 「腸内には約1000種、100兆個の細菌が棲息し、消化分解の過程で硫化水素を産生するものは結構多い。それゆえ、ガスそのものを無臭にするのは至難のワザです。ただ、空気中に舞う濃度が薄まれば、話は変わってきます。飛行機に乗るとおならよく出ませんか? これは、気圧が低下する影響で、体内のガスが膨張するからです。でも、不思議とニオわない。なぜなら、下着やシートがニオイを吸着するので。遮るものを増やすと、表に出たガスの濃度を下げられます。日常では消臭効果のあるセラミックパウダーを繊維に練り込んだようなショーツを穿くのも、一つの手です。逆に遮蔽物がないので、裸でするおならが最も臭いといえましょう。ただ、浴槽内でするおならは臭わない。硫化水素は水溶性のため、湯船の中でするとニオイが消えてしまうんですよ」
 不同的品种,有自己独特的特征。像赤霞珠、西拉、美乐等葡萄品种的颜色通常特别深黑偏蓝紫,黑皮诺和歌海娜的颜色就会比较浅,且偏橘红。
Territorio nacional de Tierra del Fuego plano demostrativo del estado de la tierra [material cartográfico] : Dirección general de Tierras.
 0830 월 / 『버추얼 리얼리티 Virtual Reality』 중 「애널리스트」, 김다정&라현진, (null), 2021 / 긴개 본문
- - -
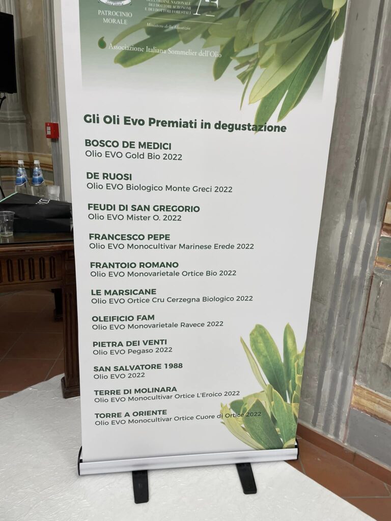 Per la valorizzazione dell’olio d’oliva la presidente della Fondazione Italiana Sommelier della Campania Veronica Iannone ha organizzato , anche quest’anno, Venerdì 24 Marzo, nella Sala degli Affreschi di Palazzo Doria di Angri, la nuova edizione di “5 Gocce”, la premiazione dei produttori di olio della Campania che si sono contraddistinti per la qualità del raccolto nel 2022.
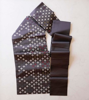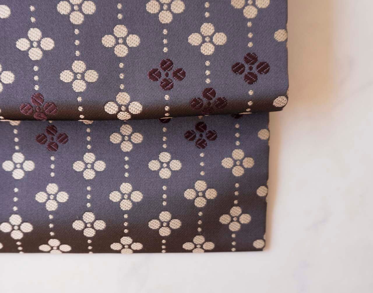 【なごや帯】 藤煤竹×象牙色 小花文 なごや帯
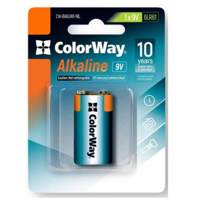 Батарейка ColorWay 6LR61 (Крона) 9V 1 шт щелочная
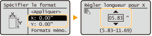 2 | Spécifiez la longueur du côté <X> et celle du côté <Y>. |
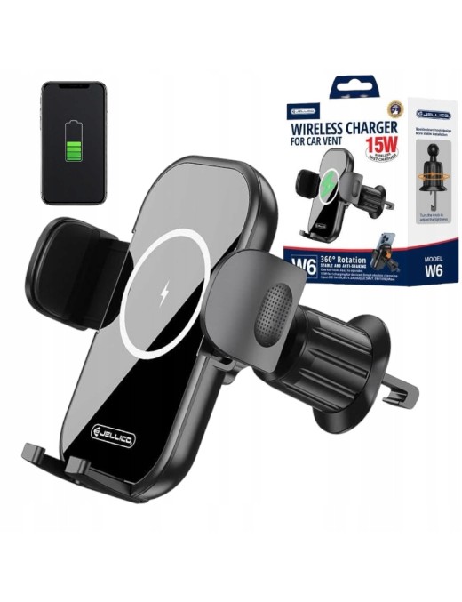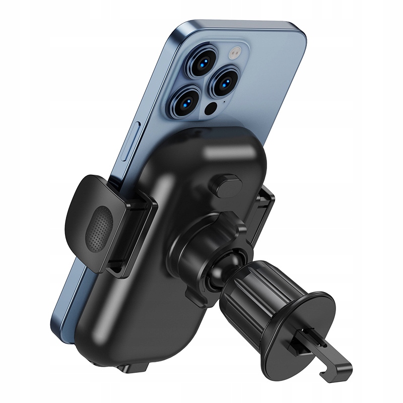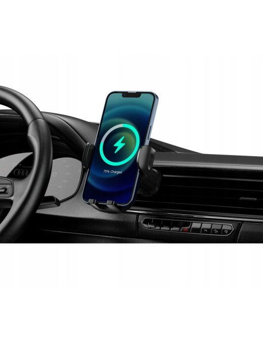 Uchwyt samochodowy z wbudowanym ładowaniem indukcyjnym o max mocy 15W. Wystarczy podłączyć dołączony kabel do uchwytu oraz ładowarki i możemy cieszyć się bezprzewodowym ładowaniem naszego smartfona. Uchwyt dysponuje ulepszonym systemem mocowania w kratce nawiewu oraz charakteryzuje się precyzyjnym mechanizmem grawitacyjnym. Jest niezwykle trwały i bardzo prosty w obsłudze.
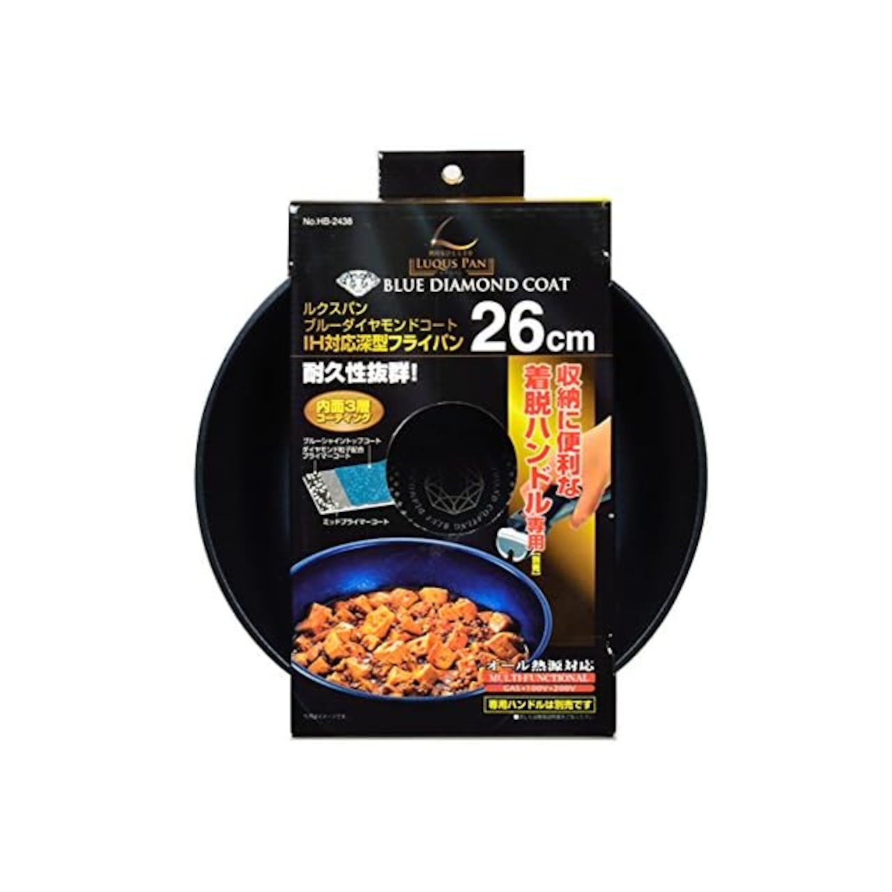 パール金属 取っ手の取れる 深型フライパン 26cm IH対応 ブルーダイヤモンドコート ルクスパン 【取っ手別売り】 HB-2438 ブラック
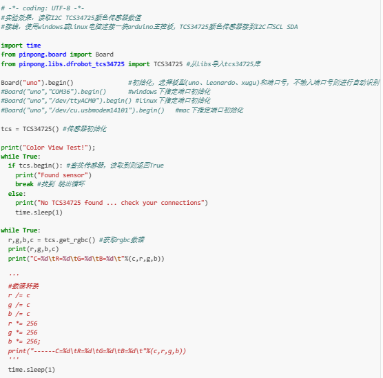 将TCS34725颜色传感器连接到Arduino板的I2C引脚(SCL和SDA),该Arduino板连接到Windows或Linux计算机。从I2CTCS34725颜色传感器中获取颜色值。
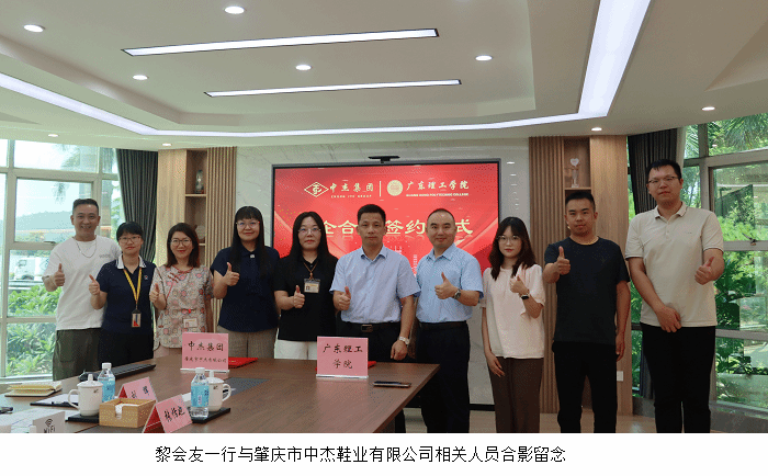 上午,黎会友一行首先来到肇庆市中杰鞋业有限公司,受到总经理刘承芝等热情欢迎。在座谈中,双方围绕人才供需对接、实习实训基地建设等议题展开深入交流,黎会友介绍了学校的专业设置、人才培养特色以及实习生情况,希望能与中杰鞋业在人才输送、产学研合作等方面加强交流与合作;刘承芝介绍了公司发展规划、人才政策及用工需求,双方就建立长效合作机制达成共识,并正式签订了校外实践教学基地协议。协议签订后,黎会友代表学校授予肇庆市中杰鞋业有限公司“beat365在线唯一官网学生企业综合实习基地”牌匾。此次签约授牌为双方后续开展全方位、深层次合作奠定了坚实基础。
- - -
**Assignment**
Take the material above from the line bearing "Батарейка ColorWay 6LR61" through the line bearing "2 | Spécifiez" and write it out exactly, both end lines included. Pictures stay out.

**Exercise output**
 Батарейка ColorWay 6LR61 (Крона) 9V 1 шт щелочная
 2 | Spécifiez la longueur du côté <X> et celle du côté <Y>. |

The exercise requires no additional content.